The mewl of buzzards overhead, spirals on upward air.
An aerial feat, though quite a treat, no answer to my prayers.

And still they go unanswered though the grass is growing long.
And the swallows and the martins have joined the heavenly throng.

I love their eaves-slung mudhuts and their lineups on the wire.
But you dear swift, my absent friend, you set my heart on fire.

So I look and look again for gracious airborne crescents.
Vesper flights in evening light please grace us with your presence.

And then you’re here and I thank god for sending you to me
Although I never crooked my neck the vicar’d church to see.

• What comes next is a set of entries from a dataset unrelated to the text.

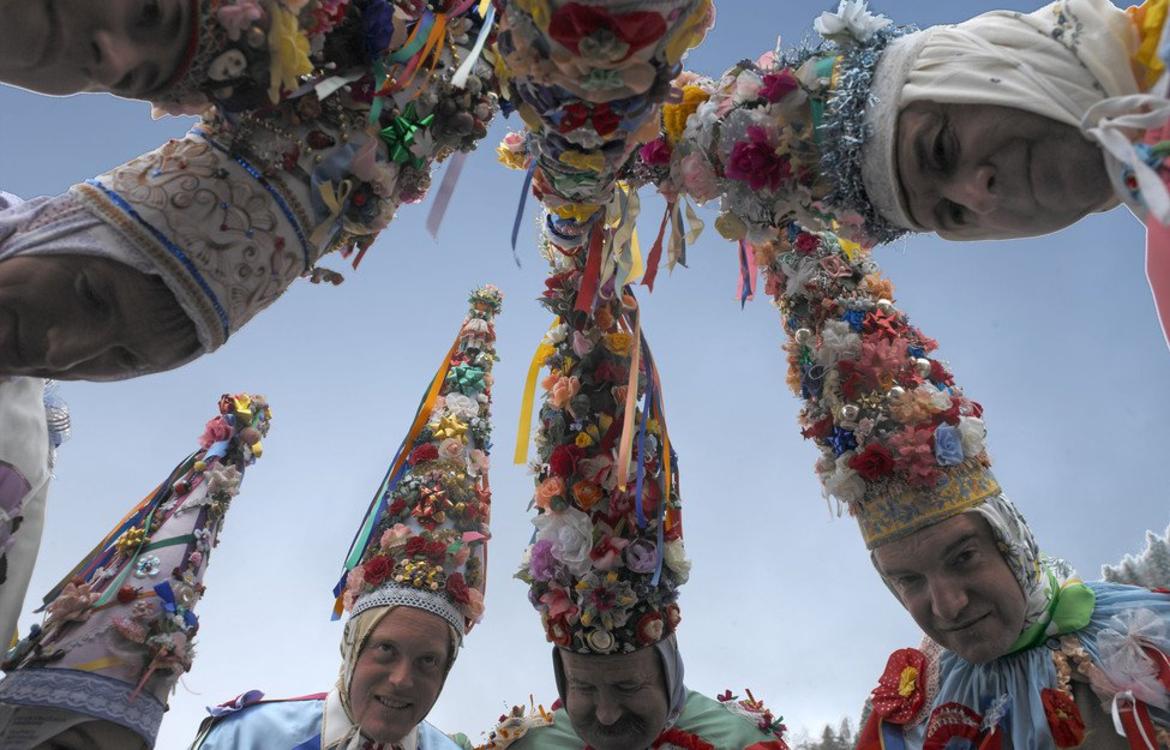 Un lungo corteo di personaggi con maschere lignee e costumi sgargianti scende di villaggio in villaggio per incontrarsi sulla piazza principale di Casatta.
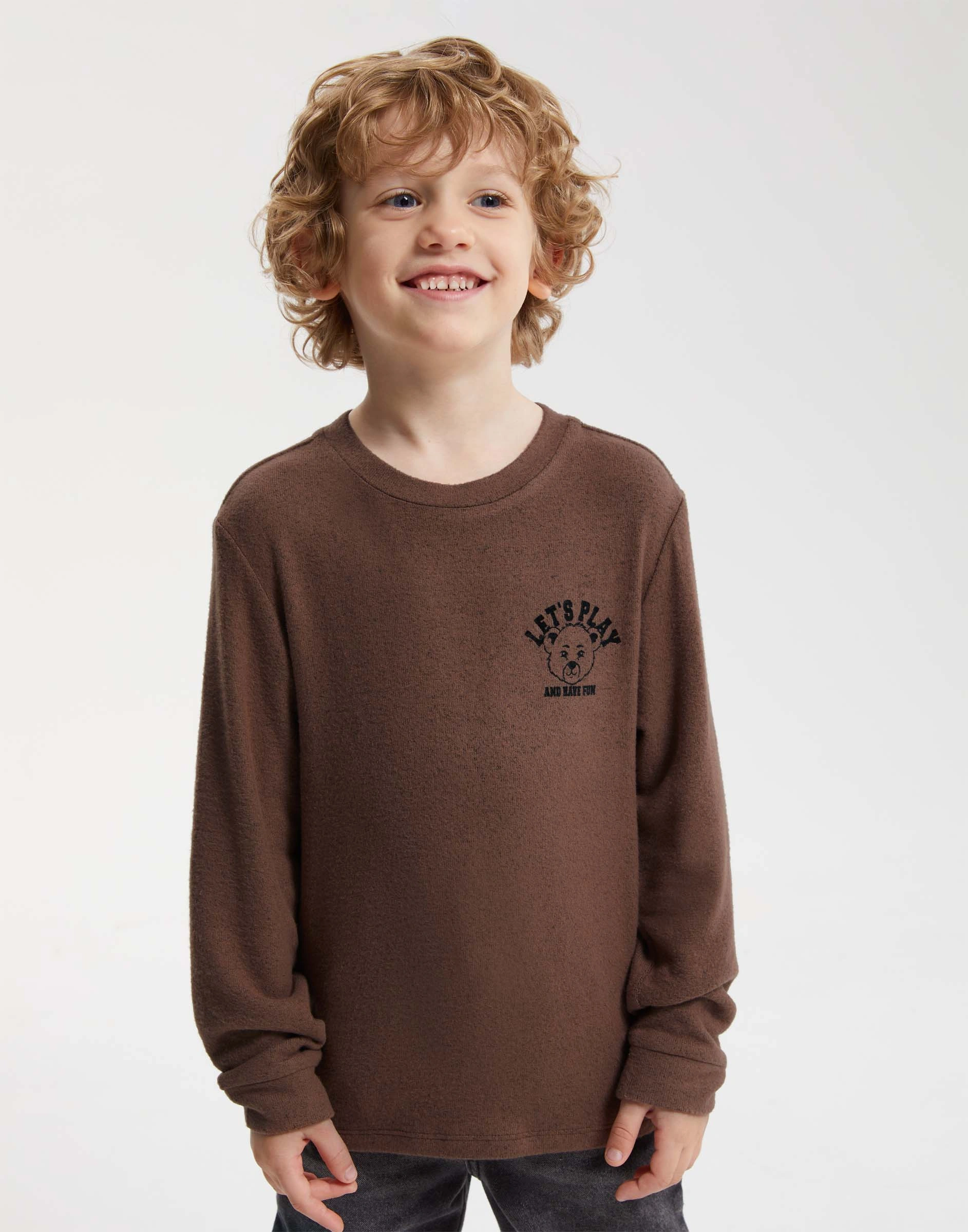 Коричневый лонгслив с флок-принтом для мальчика Bkt017011-3
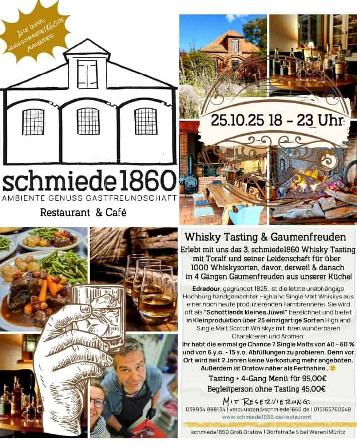 schmiede1860 Dorfstraße 5, Schloen-Dratow / OT Groß Dratow, Germany3. Whisky-Tasting & Gaumenfreuden Erlebt mit uns das 3. schmiede1860 Whisky-Tasting mit Toralf und seiner Leidenschaft für über 1000 Whiskysorten, davor, derweil & danach in 4 Gängen Gaumenfreuden aus unserer Küche! Edradour, gegründet 1825, ist die letzte unabhängige Hochburg handgemachter Highland Single Malt Whiskys aus einer noch heute produzierenden Farmbrennerei. Sie wird oft als "Schottlands kleines Juwel" […]
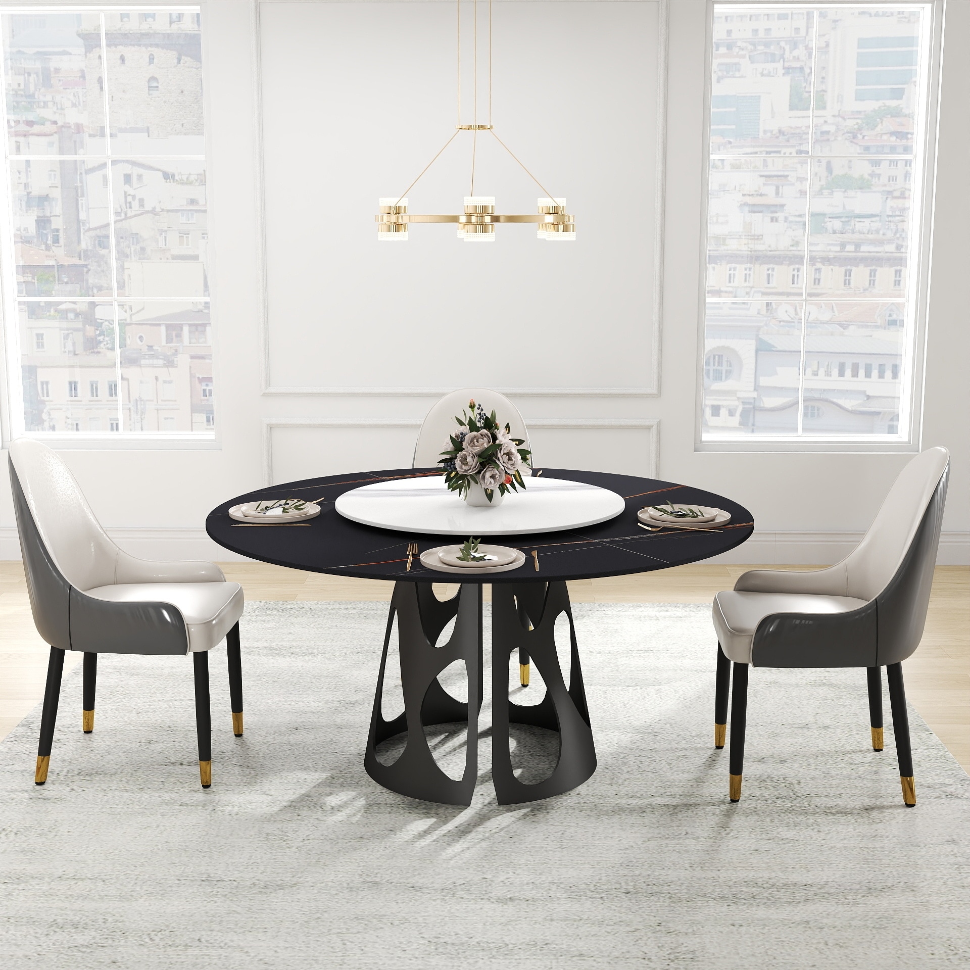 Modern Round Artificial Marble Dining Table with Black Iron Metal Base & Artificial Stone Turntable(Dining Table Only)
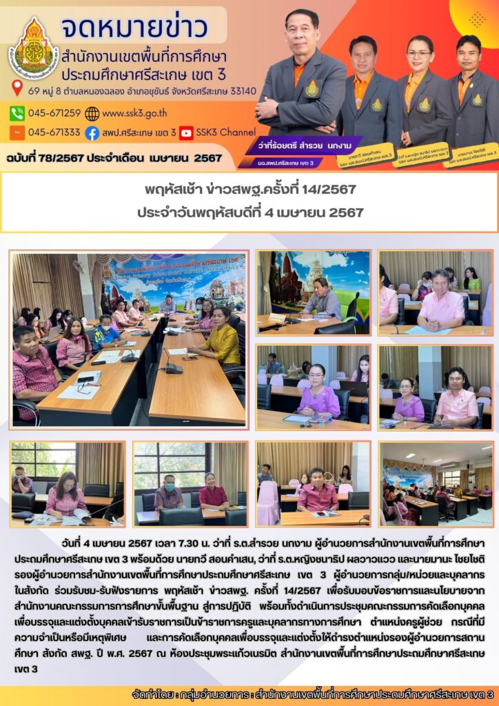พฤหัสเช้า ข่าวสพฐ.ครั้งที่ 14/2567 ประจำวันพฤหัสบดีที่ 4 เมษายน 2567 25/06/2024 Last updated : 25/06/2024 admin
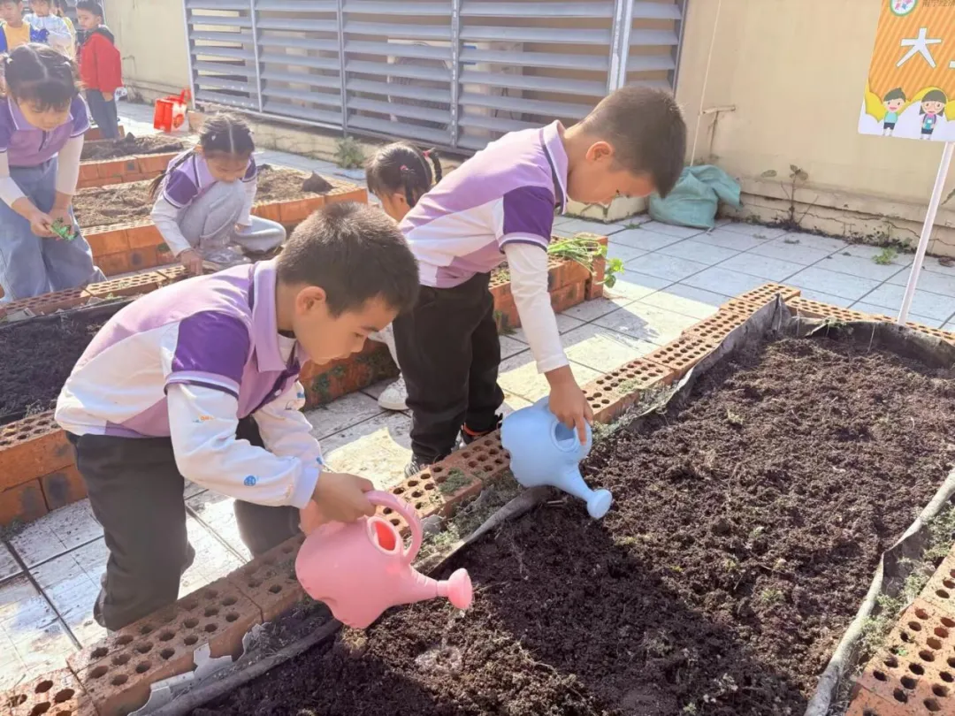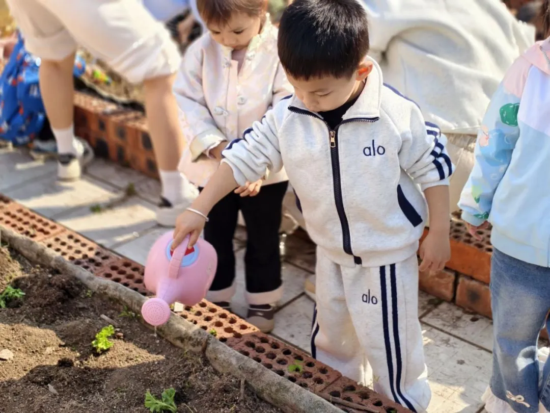 种植完成后,孩子们拿起小水壶,轻轻浇水,让甘甜的水分滋润每一颗种子、每一株幼苗。孩子们专注的模样、稚嫩的动作,成为春日里最可爱的风景,他们用小手种下的不仅是蔬果秧苗,更是对自然的热爱与对成长的期盼。

You are my priest of summertime. Your pulpit is the skies.
And when you leave and head back home a bit inside me dies.

The cock cranks north, the wind is cold, your ministry I need.
My neck cranes south beyond the spire I’m wishing you Godspeed.


The modest spire of St Peter’s Church, Coreley, across the orchard from our Shropshire home inspires many of my equally modest scribbles. This poem was written for when the weathervane swings back to the south and heralds the return of one of my favourite birds.

We shall sight them on the beaches

They didn’t want to be fishers of men
Women and children first hauled from the sea
And laid out on the deck like a prize catch
Gently by hands that are roughened by salt
Calloused but not callous softened by salt
Tears that fall from the blinking eyes of men
With their own women and children ashore
Where with warm feet firmly on the dry ground
We catch “chuck ‘em back in” on the air waves
Crashing hopes and dreams into a fine sand
Which next summer we will make castles from
And stand watching the fishing boats set sail
Disciples of cod not fishers of men. 
Red hulls, blue skies, white cliffs. Gulls in the wake. 
Christ! More people flock to a stranded whale 
Than this half inflated greying carcass
A little ship of Dunkirk lifeboats then 
But now no Newhaven, no safe harbour
From wars that are not finest hours but yours
You fight them on your beaches. This is our 
Landing ground and we shall say that this was
Our coarsest hour. 


This is a work in progress. So forgive the rawness and the rough-around-the-edges anger. But I wanted to post it while the inspiration is still fresh in our minds and on our news bulletins.

Since I wrote this draft the first victim of the mass drowning in the English Channel/La Manche off Calais has been named as Maryam Nuri Mohamed Amin, a 24 year old Kurdish woman from northern Iraq. She was texting her fiancé in Manchester as the flimsy boat carrying her and 28 others began to sink. All but two perished.